Basic File/Folder Manipulation

$ mkdir <folder name> == create new folder

$ cp <old file name>  <new file name> == copy and rename a file

$ mv <file> <folder> == move file to a folder

$ rm <file> == delete file

$ rm -r <folder> == delete folder

$ cat <file> == show content of file

$ head -n <number of lines> <file> == show top n lines of file

$ tail -n <number of lines> <file> == show last n lines of file

 

Nano

This is a basic file editor

$ nano <existing file> == opens up a file

$ nano <non-existing file> == creates and opens up a file

Within nano, the needed commands are listed at the bottom where the ^ symbol stands for Ctrl.

 

What is currently running? Can I stop it?

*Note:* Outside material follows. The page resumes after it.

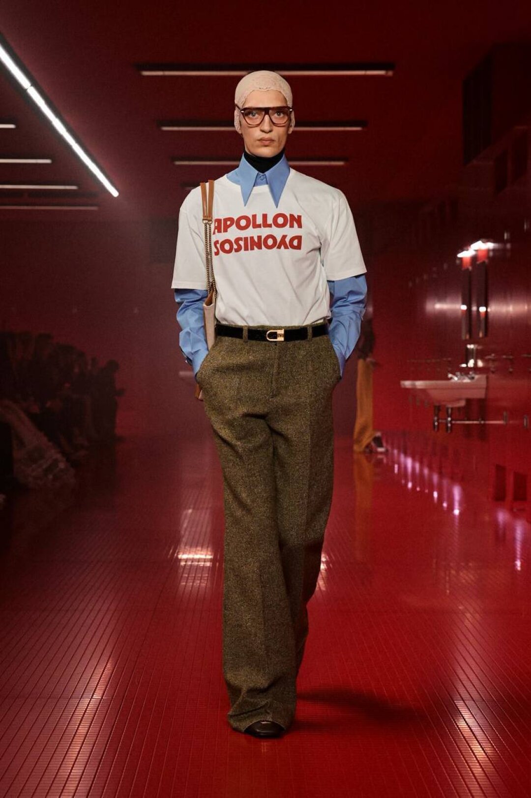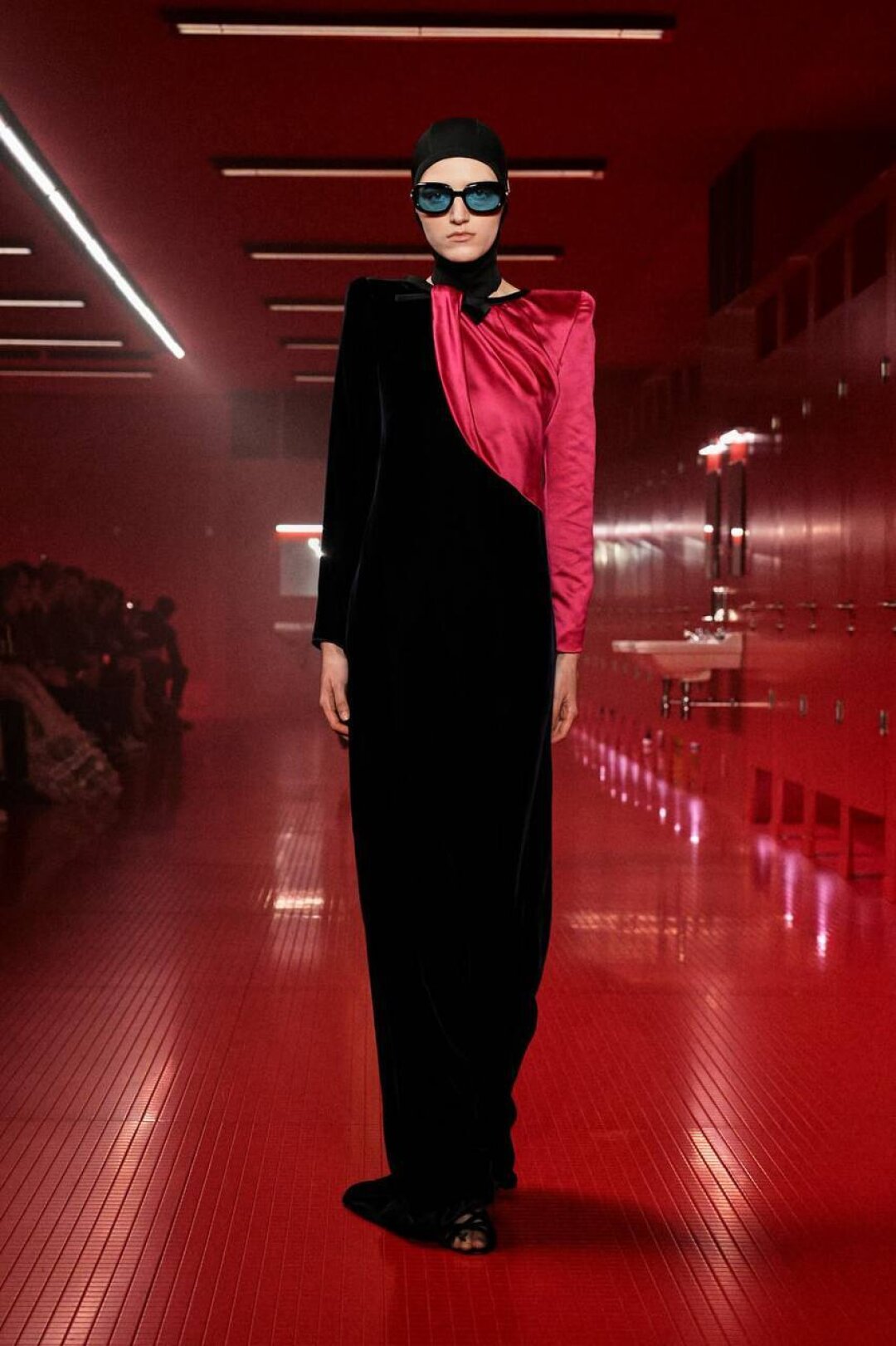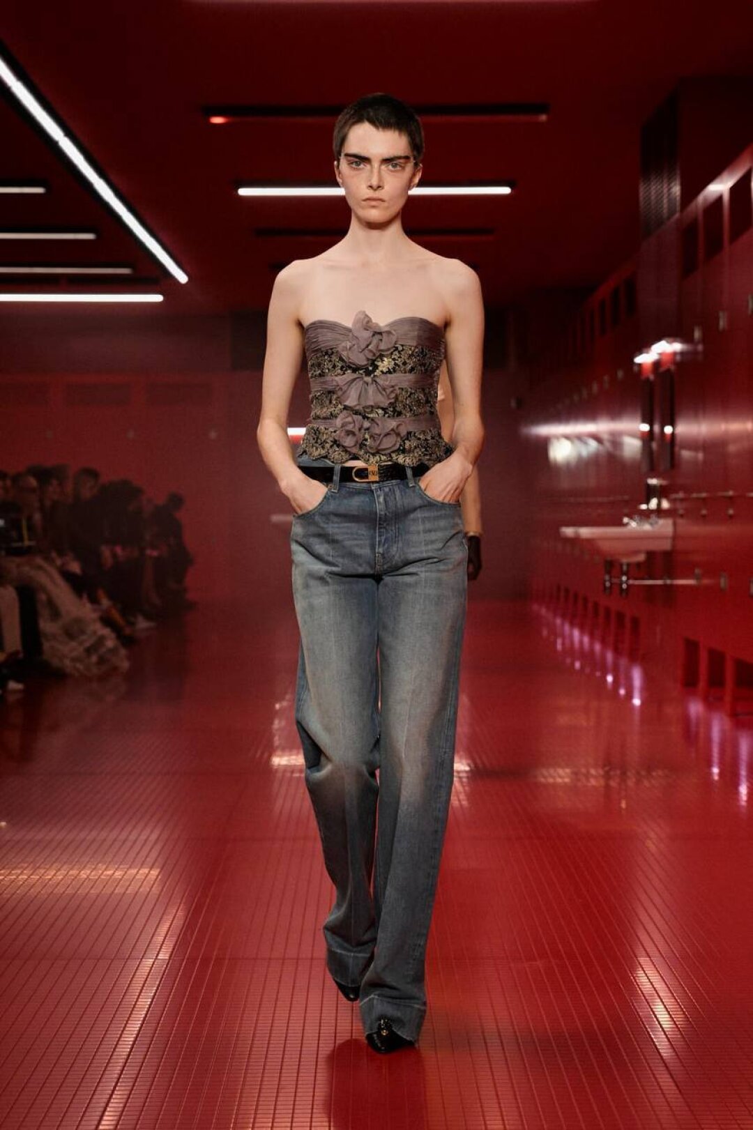 В новой коллекции Le Méta-Théâtre des Intimités («Мета-театр интимности») Алессандро Микеле размышляет о личном и публичном. В качестве декораций креативный директор выбрал раздевалку общественного бассейна, по-линчевски окрашенную в алый, которая, с одной стороны, символизирует вынужденное обнажение, а, с другой, по мнению Микеле, является точно такой же сценой для продуманного представления.

$ top == list all processes running on a computer

$ top -u <username> == lists processes being run by username

$ kill <pid> == kill a process identified by pid, which can be found by using top

$ killall -u <username> == kills all processes being run by username

 

How to run stuff in the background

$ <command> & == runs command in background

If you want to run jobs on a remote server, there will be some queueing system. Check out useful commands like qsub, qstat, etc. However, if you just want to run multiple processes on a single computer (even after logging off), Screen and Tmux are the tools you need. I personally use screen, and below are some useful commands.

 

Screen

$ screen -S <name> == new screen with name

$ Ctrl-a d == detach from screen

$ screen -r name == reattach to screen

$ screen -ls == list of screens

$ exit == kills currently attached screen

Example Running Code in the Background

Here is an example set of commands that will run a Python script in the background.

$ screen -S test

$ python test.py > out.txt 2>&1 &

$ Ctrl-a d

You now can safely exit and the computer will do all the tough work for you!

I did add one new command in there, the redirect (>). What this means is that Python runs test.py. If there is anything that should be printed to the terminal, it gets redirected and saved into the file out.txt. Otherwise when you reattach to the screen named test, you will just get the recent terminal output (usually there is some display length limit).